Please create an account to participate in the Slashdot moderation system

 



Forgot your password?
typodupeerror
×
Social Networks Your Rights Online

Facebook Kills Dataset of Crawled Public Profiles 158

holy_calamity writes "Internet entrepreneur Pete Warden wrote a crawler that collated the public profiles of 210 million Facebook profiles and was set to release an anonymised version to researchers. The pages crawled can be read by any web user, and the robots.txt did not forbid crawling. However, Facebook claimed he had violated its terms of service and threatened legal action. Fearing costs, Warden has now destroyed his dataset. For a snapshot of the insights that data could have allowed, see Warden's post on how the friend networks of the 120 million US users in his data segregated into seven clusters." Of course, if he had it, this means anyone who wants it made their own version of this.
This discussion has been archived. No new comments can be posted.

Facebook Kills Dataset of Crawled Public Profiles

Comments Filter:
  • by John Hasler ( 414242 ) on Wednesday March 31, 2010 @11:24AM (#31688298) Homepage

    ...you'd be flaming them for invading your "privacy".

  • by Chirs ( 87576 ) on Wednesday March 31, 2010 @11:29AM (#31688398)

    I see very little problem with an automated scan that respects robots.txt.

    By not blocking automated access to the profiles, facebook is squarely at fault.

  • by Anonymous Coward on Wednesday March 31, 2010 @11:30AM (#31688404)

    If Facebook had released this information we would be flaming?

    They did and we still are.

    (yes)

  • by jeffb (2.718) ( 1189693 ) on Wednesday March 31, 2010 @11:32AM (#31688448)

    ...all the researchers who do everything in the open and with proper anonymization.

  • chilling effect (Score:5, Insightful)

    by Anonymous Coward on Wednesday March 31, 2010 @11:33AM (#31688464)
    Don't see Facebook going after Google, even though the data that they posses is ostensibly the same as Warden's. The primary diff that i see is that warden was offering analysis and results for free- not trying to monetize it. Maybe that's what made them mad.
  • by Altus ( 1034 ) on Wednesday March 31, 2010 @11:35AM (#31688486) Homepage

    why do you think they threatened him? they want to sell this data themselves.

  • by paeanblack ( 191171 ) on Wednesday March 31, 2010 @11:38AM (#31688532)

    Couldn't Warden have sent requests to the EFF to provide lawyers so he could fight an evil corporation to use freely publicly available information?

    Finding something on the web does not give you the legal authority to publish and redistribute it. Sure, he could have stuck the whole thing on a torrent somewhere, but if he actually wants to do real work and real research with these data, he's got to play by the rules of the real world...the one with the big blue ceiling and a concept called the rule of law.

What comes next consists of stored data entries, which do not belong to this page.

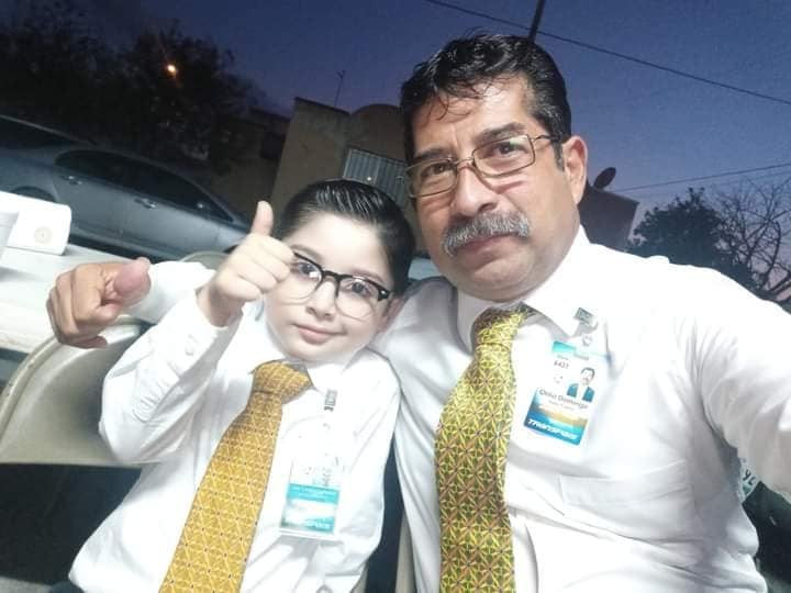 Con camisa blanca, corbata amarilla, lentes y hasta una credencial, el niño posó con su abuelo frente a la cámara, quien compartió la selfie en sus redes sociales.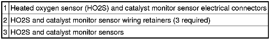 3. Disconnect the heated oxygen sensor (HO2S) and the catalyst monitor sensor electrical connectors.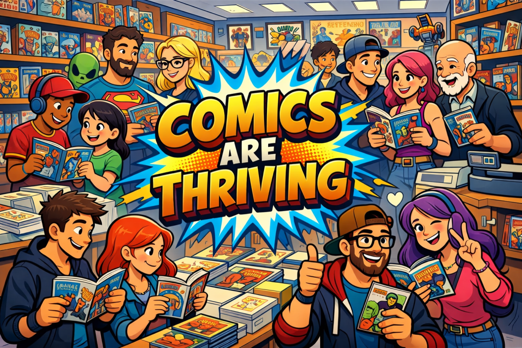 Sure, the industry still faces challenges. Distribution conversations come and go. Speculation sometimes gets a little wild. The business side of comics evolves just like every other entertainment industry. But comics have survived world wars, economic downturns, censorship battles, and the rise of every new entertainment medium imaginable. Television didn’t kill comics. Movies didn’t kill comics. Streaming didn’t kill comics. If anything, those industries borrowed heavily from the creativity that comics have been delivering for generations.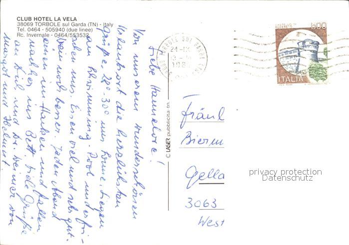 old postcard Torbole Lago di Garda Club Hotel La Vela postalisch gelaufen Erhaltung siehe scans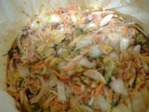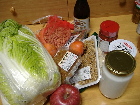 白菜1個・あみ・元気の実・漬物こぶ・クルミ・裂きイカ・中華くらげそれにキムチの元を購入。
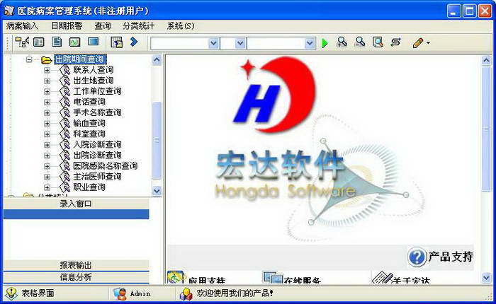 三、查询系统查询系统包括根据入院日期查询,根据出院日期查询,查询简单明了,可进行复合查询,并生成相应报表。充分满足医院查询病案的需要。查询功能模块中,可根据入院日期,出院日期,职业,工作单位,出生地,电话,手术名称,科室,主治医师,等关键字进行查询,并可在查询的结果中进行筛选,排序,做进一步的复合查询,每次查询都有相应的报表,操作简单,功能强大。

    If you don't like that reality, keep it in mind next time you vote.

  • by Registered Coward v2 ( 447531 ) on Wednesday March 31, 2010 @11:56AM (#31688748)

    Couldn't Warden have sent requests to the EFF to provide lawyers so he could fight an evil corporation to use freely publicly available information?

    Finding something on the web does not give you the legal authority to publish and redistribute it. Sure, he could have stuck the whole thing on a torrent somewhere, but if he actually wants to do real work and real research with these data, he's got to play by the rules of the real world...the one with the big blue ceiling and a concept called the rule of law.

    If you don't like that reality, keep it in mind next time you vote.

    I'm not sure what he did was not legal; but the article is pretty clear he doesn't have the resources to fight it in a court and so decided to destroy it. Maybe someone with more money and time may someday decide to fight it and the legality of scrapping information will be clarified by a court.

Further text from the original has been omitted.